--- Entries provided ---
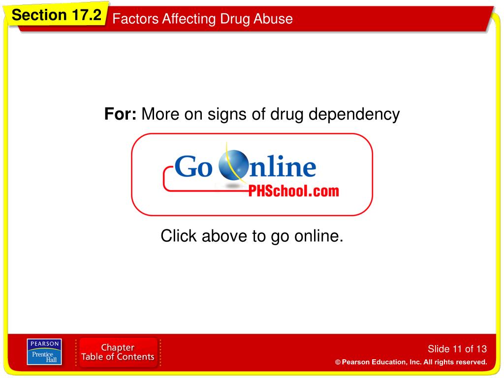 Section 17.2. Factors Affecting Drug Abuse. Objective. Evaluate how family, friends, and personal factors can influence an individual’s decisions about drugs. Quick Quiz See how many of these questions you can answer “yes” to. Do you avoid situations where you think drugs might be used?.
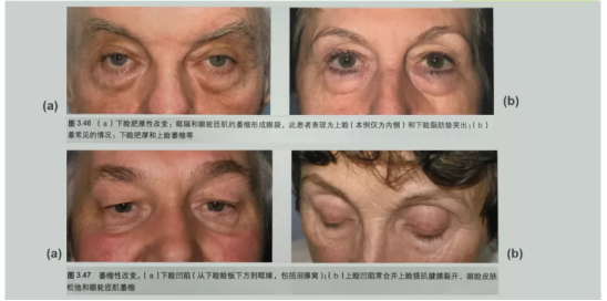 患者上睑皮肤松弛、假性上睑下垂、腱膜前脂肪垫假性脱垂引起上睑臃肿,下睑眶脂肪垫脱垂
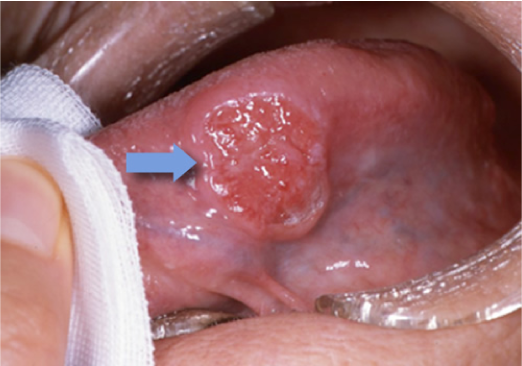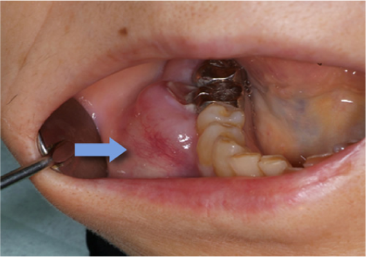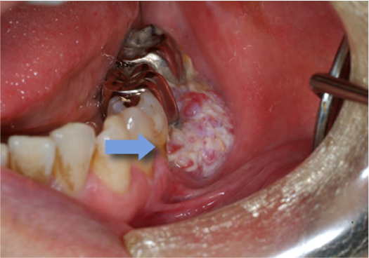 歯肉に出来る悪性腫瘍は、下顎が多く、有歯顎(歯のある方)臼歯部(奥歯)によく発生します。疫学的には男性が多いです。無歯顎(歯が全くない方)の患者さんも多いです。口腔に発生するがんの20%弱程度は歯肉がんです。
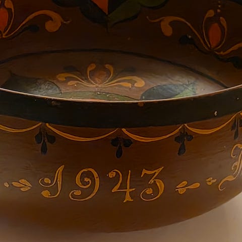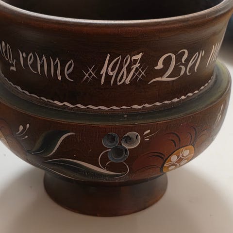 Ølbolle reparert/limt fra 1835. Sprekk vises på bildet- ellers pen. Ca 12 cm i diameter
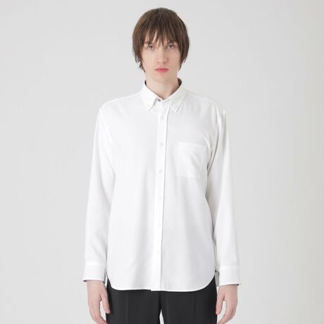 素材には上品な光沢感のあるポリエステルで織り上げたオックス生地を使用。ベーシックな組織感ながら抗菌防臭性、吸水速乾性、防しわ性に優れた機能性素材で快適な着心地を作り出します。
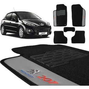 Jogo De Tapetes Carpete Peugeot 207 Preto Bordado 5 Peças

--- What is required ---
Give back every record above word for word, dropping pictures.

--- Output of the task ---
 Section 17.2. Factors Affecting Drug Abuse. Objective. Evaluate how family, friends, and personal factors can influence an individual’s decisions about drugs. Quick Quiz See how many of these questions you can answer “yes” to. Do you avoid situations where you think drugs might be used?.
 患者上睑皮肤松弛、假性上睑下垂、腱膜前脂肪垫假性脱垂引起上睑臃肿,下睑眶脂肪垫脱垂
 歯肉に出来る悪性腫瘍は、下顎が多く、有歯顎(歯のある方)臼歯部(奥歯)によく発生します。疫学的には男性が多いです。無歯顎(歯が全くない方)の患者さんも多いです。口腔に発生するがんの20%弱程度は歯肉がんです。
 Ølbolle reparert/limt fra 1835. Sprekk vises på bildet- ellers pen. Ca 12 cm i diameter
 素材には上品な光沢感のあるポリエステルで織り上げたオックス生地を使用。ベーシックな組織感ながら抗菌防臭性、吸水速乾性、防しわ性に優れた機能性素材で快適な着心地を作り出します。
 Jogo De Tapetes Carpete Peugeot 207 Preto Bordado 5 Peças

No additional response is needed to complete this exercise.